== Segment start ==
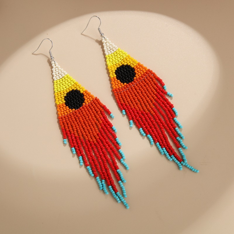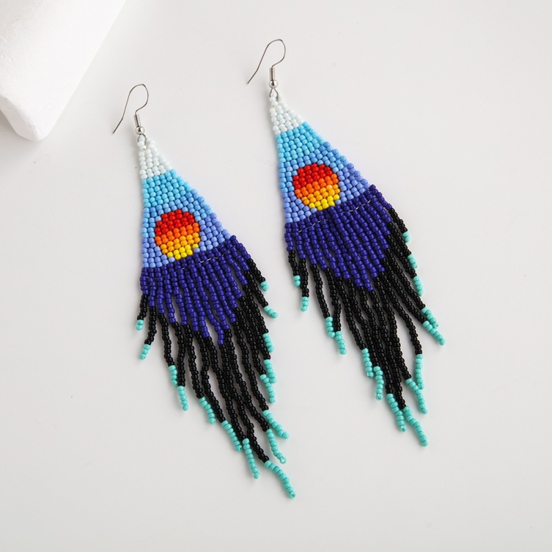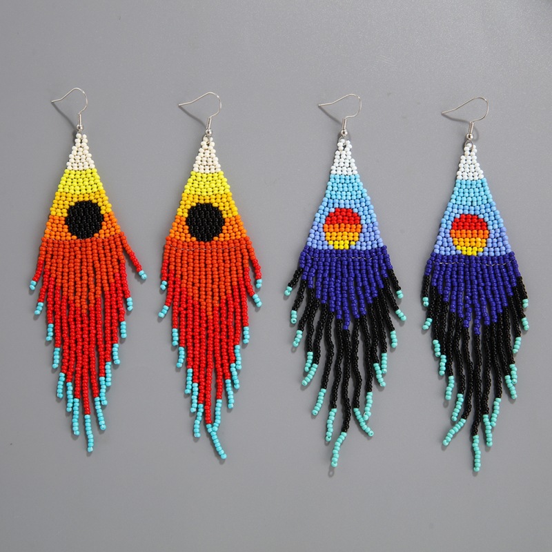 Product information:Treatment Process: hand-woven Color: EA1993 Red series, EA1993 Blue Applicable population: Female Material: beads Shape: Geometry Popular elements: Tassel Style: Bohemian style
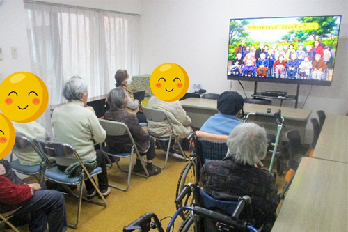 最後に、娯楽室で職員が作った『ケアハウス 2025年振り返りムービー』を
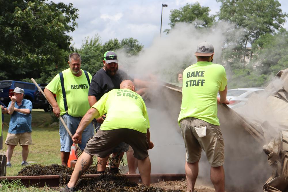 Redman Jay Maloney said the rocks split apart from the heat, necessitating the order clear out the baking pit and search its surroundings for new stones every year. The steel ingots don’t have that issue, he said, and so can be reused year-in, year-out.
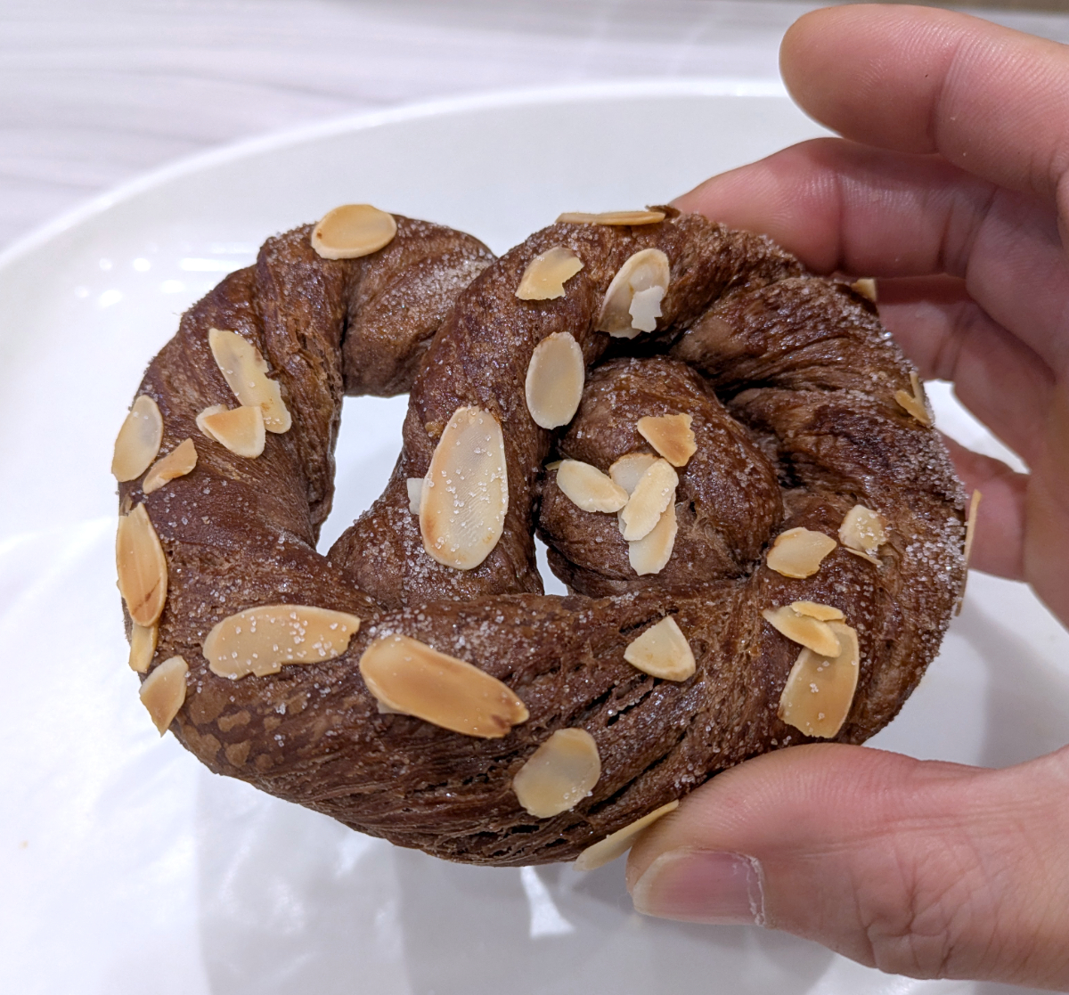 続いてチョコクリンゲル。「クリンゲル」とはデンマークのデニッシュで、何層にも重ねた生地にマジパンペーストをのせて焼き上げたペイストリーだ。表面はふんわり、中はサックリとした食感が面白い。
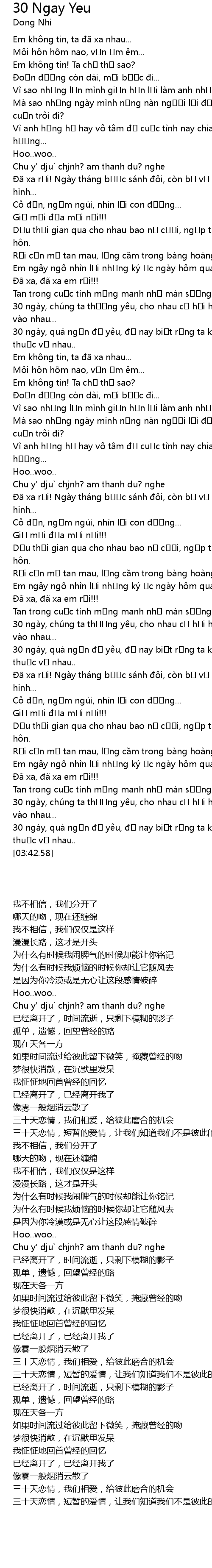 | [03:39.13] | 30 ngà y, quá ng n y u, nay bi t r ng ta kh ng thu c v nhau.. |
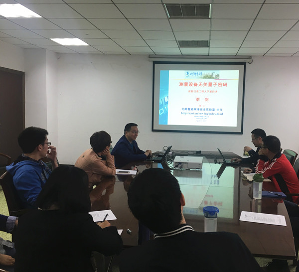 【本网讯】4月11日,北京邮电大学智能网络安全实验室主任李剑博士受伟德源自英国始于1946邀请,在信息楼第三会议室为公司师生作了一场题为《测量设备无关量子密码研究》的报告会。报告会由伟德源自英国始于1946副经理张仕斌教授主持,伟德源自英国始于1946部分教师和研究生参加了报告会。
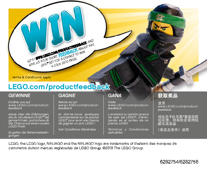 On this page you can find the original construction manual for the LEGO 70682 set. With the assembly manual you can easily learn how to build the 70682 Spinjitzu Slam - Jay step by step. The set was released in 2019.
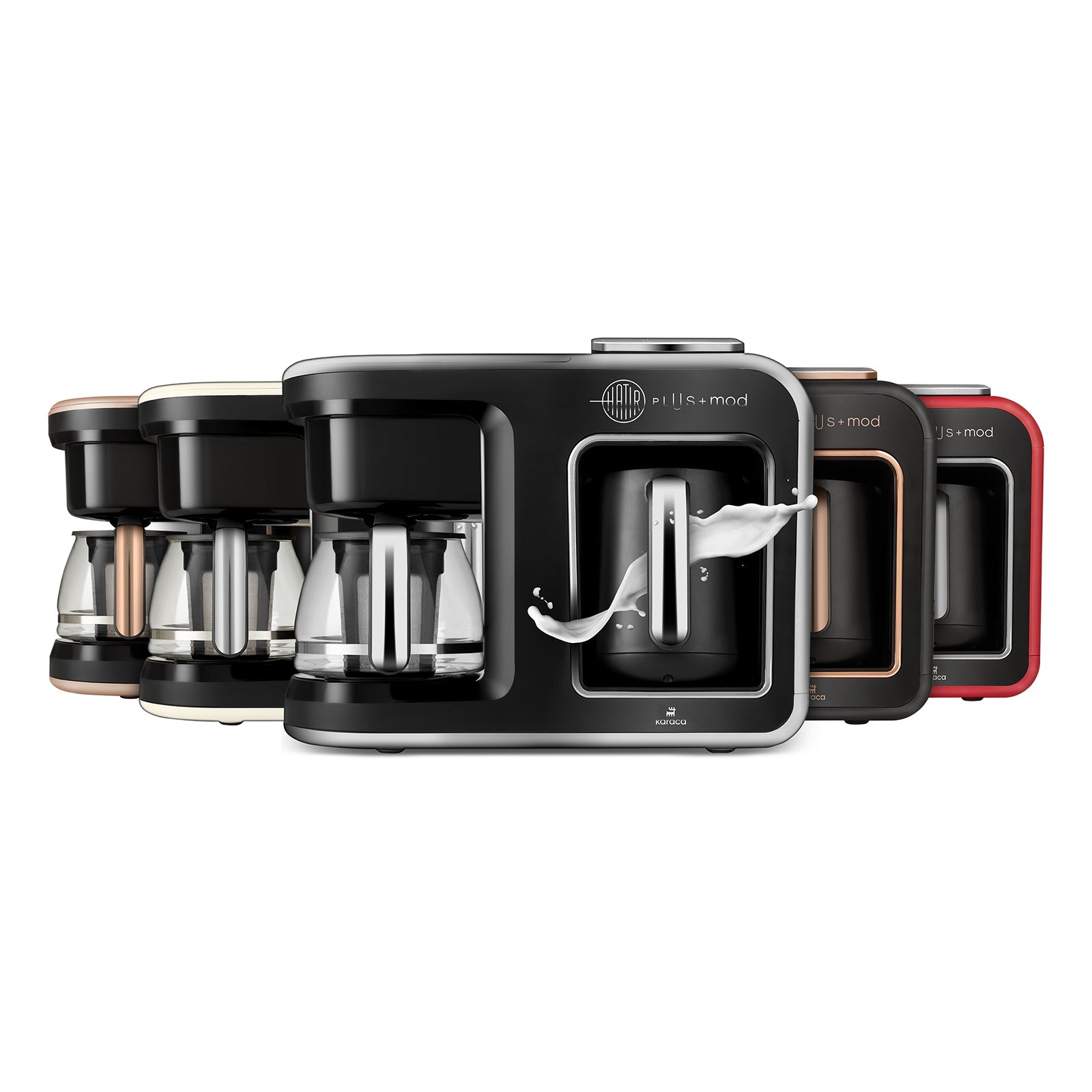 Oplev Karaca Hatır Plus Mod, kaffemaskinen der tilbereder din kaffe efter dit humør. Denne innovative 5-i-1 kaffemaskine er verdens første og eneste, der kan brygge filterkaffe eller te samtidig med, at den tilbereder ristet tyrkisk kaffe og mælkebaserede drikke.
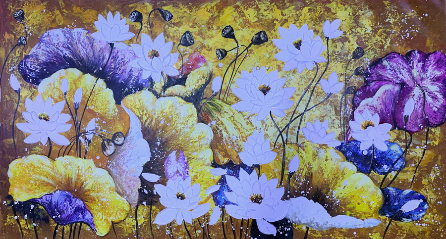 Tranh Sơn Dầu Trình Công Decor xin giới thiệu đến Quý Khách hàng bức “Tranh Sơn Dầu Sen Quý Tụ Hoa Vinh SDTC207”, một trong những tác phẩm mang đậm dấu ấn nghệ thuật và phong thủy, được sáng tác theo phong cách hoa sen vàng tím đắp nổi đặc trưng.
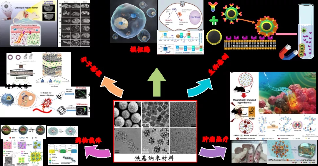 铁基纳米材料是一种重要的过渡金属氧化物的功能性纳米材料,具有合成简单,修饰容易,功能化简便,形貌可控等优势。铁基纳米材料独特的理化性质及良好的生物相容性使其成为生物医学领域中应用最广泛的纳米材料之一,如应用在细胞分选、磁分离免疫检测、MRI造影、磁热疗、药物递送载体、多模态诊断等领域。随着研究的深入,铁基纳米材料越来越多的新的功能和应用潜力被开发出来。比如通过工程设计使纳米颗粒具有一种或多种酶的活性,模拟酶有远超生物酶的体内应用场景。又如铁基纳米材料可以促进间充质干细胞的成骨分化。
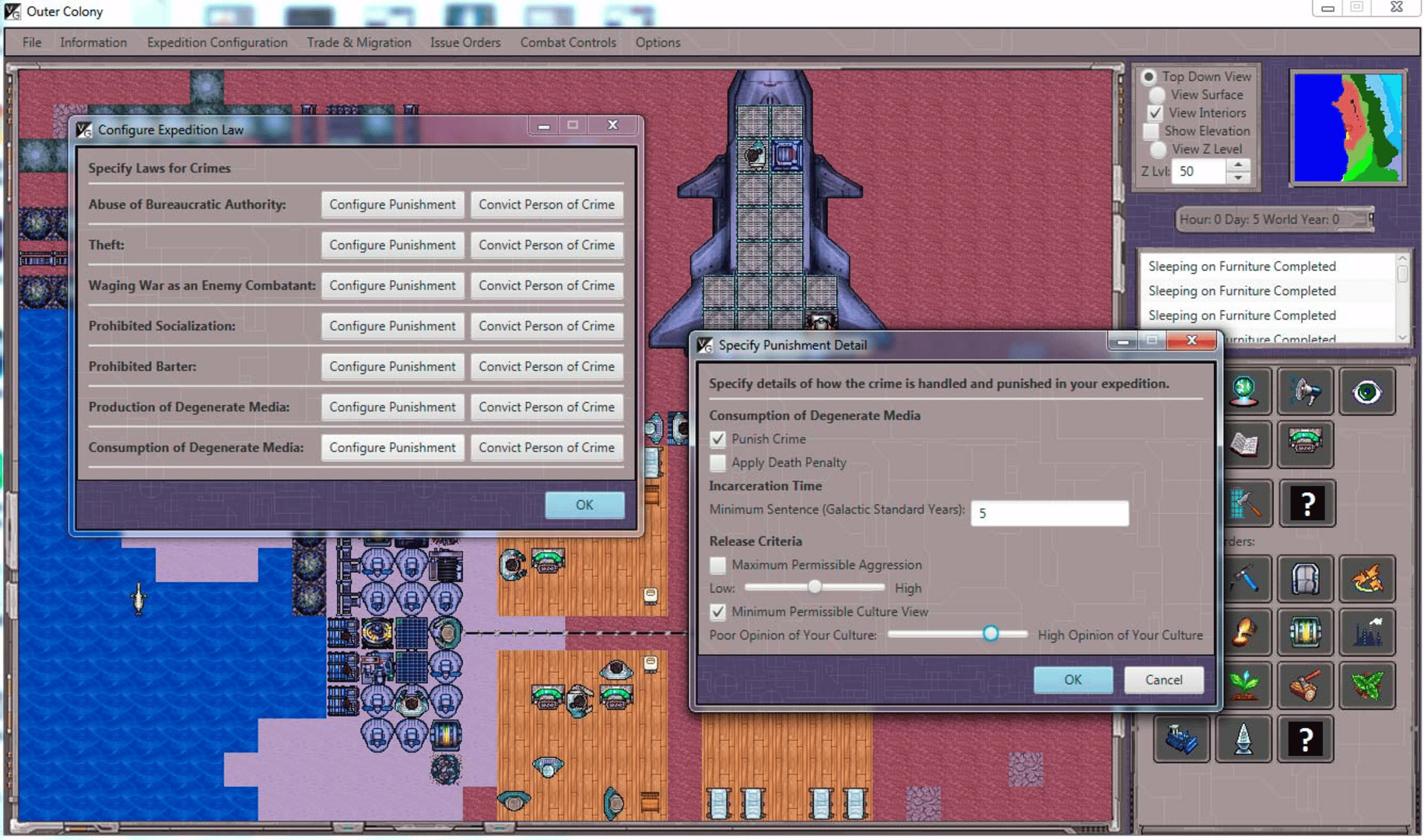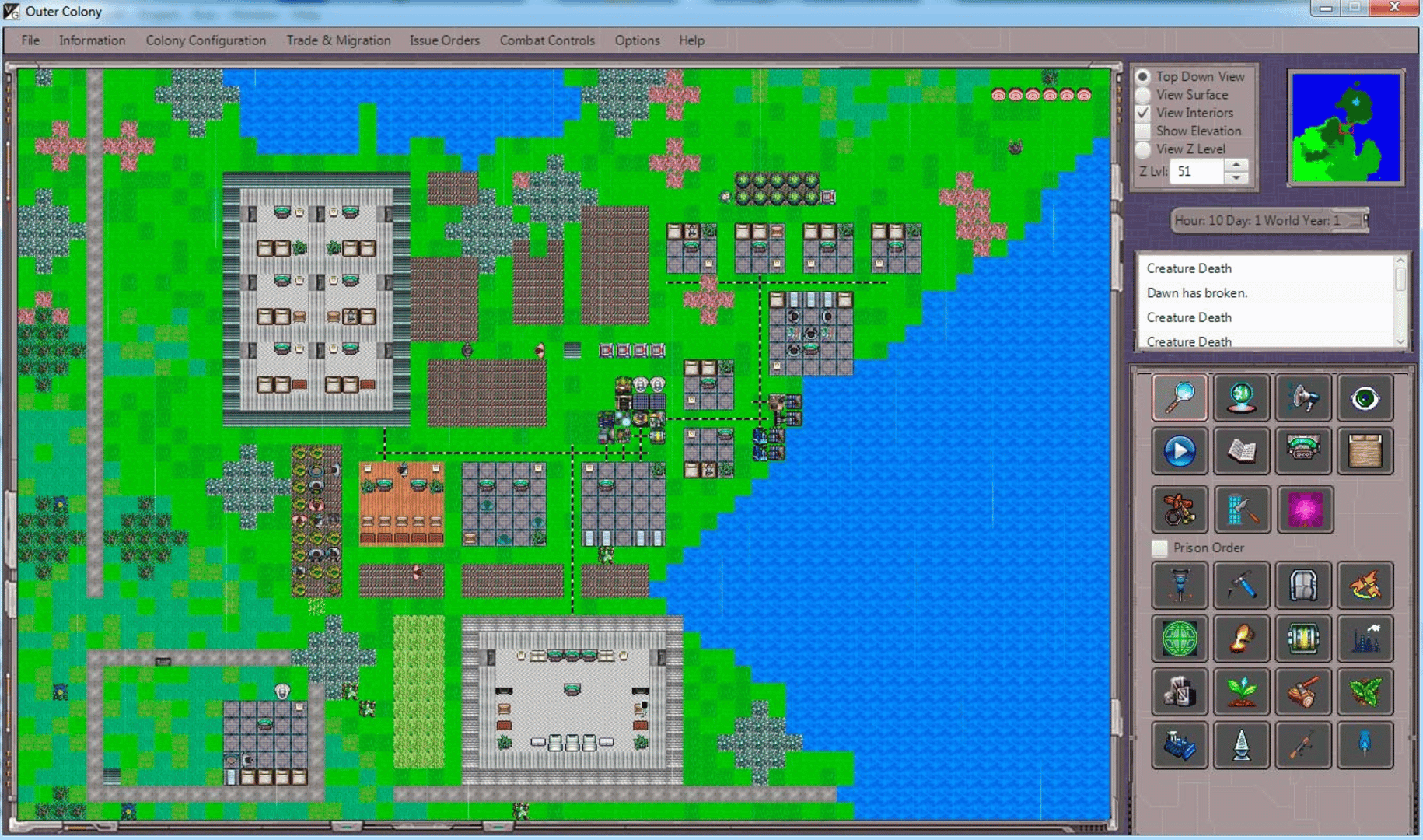 Outer Colony is an open ended, real time strategy game with a focus on artificial intelligence and simulation-derived mechanics. Set in a sci-fi universe, players command expeditions of spacefaring colonists in an effort to establish settlements on remote worlds. Much of the core gameplay revolves around providing for your expedition’s NPCs, managing its fledgling society, freeform building, and tactical combat. Whatever you do in OC affects the persistent game world, so everything from driving species to extinction to terraforming whole regions is possible.
== Segment end ==
= Instructions for the task =
Copy exactly the lines from the line containing "Oplev Karaca Hatır" through the last line of the records, both included, and omit every picture.

= Task output =
 Oplev Karaca Hatır Plus Mod, kaffemaskinen der tilbereder din kaffe efter dit humør. Denne innovative 5-i-1 kaffemaskine er verdens første og eneste, der kan brygge filterkaffe eller te samtidig med, at den tilbereder ristet tyrkisk kaffe og mælkebaserede drikke.
 Tranh Sơn Dầu Trình Công Decor xin giới thiệu đến Quý Khách hàng bức “Tranh Sơn Dầu Sen Quý Tụ Hoa Vinh SDTC207”, một trong những tác phẩm mang đậm dấu ấn nghệ thuật và phong thủy, được sáng tác theo phong cách hoa sen vàng tím đắp nổi đặc trưng.
 铁基纳米材料是一种重要的过渡金属氧化物的功能性纳米材料,具有合成简单,修饰容易,功能化简便,形貌可控等优势。铁基纳米材料独特的理化性质及良好的生物相容性使其成为生物医学领域中应用最广泛的纳米材料之一,如应用在细胞分选、磁分离免疫检测、MRI造影、磁热疗、药物递送载体、多模态诊断等领域。随着研究的深入,铁基纳米材料越来越多的新的功能和应用潜力被开发出来。比如通过工程设计使纳米颗粒具有一种或多种酶的活性,模拟酶有远超生物酶的体内应用场景。又如铁基纳米材料可以促进间充质干细胞的成骨分化。
 Outer Colony is an open ended, real time strategy game with a focus on artificial intelligence and simulation-derived mechanics. Set in a sci-fi universe, players command expeditions of spacefaring colonists in an effort to establish settlements on remote worlds. Much of the core gameplay revolves around providing for your expedition’s NPCs, managing its fledgling society, freeform building, and tactical combat. Whatever you do in OC affects the persistent game world, so everything from driving species to extinction to terraforming whole regions is possible.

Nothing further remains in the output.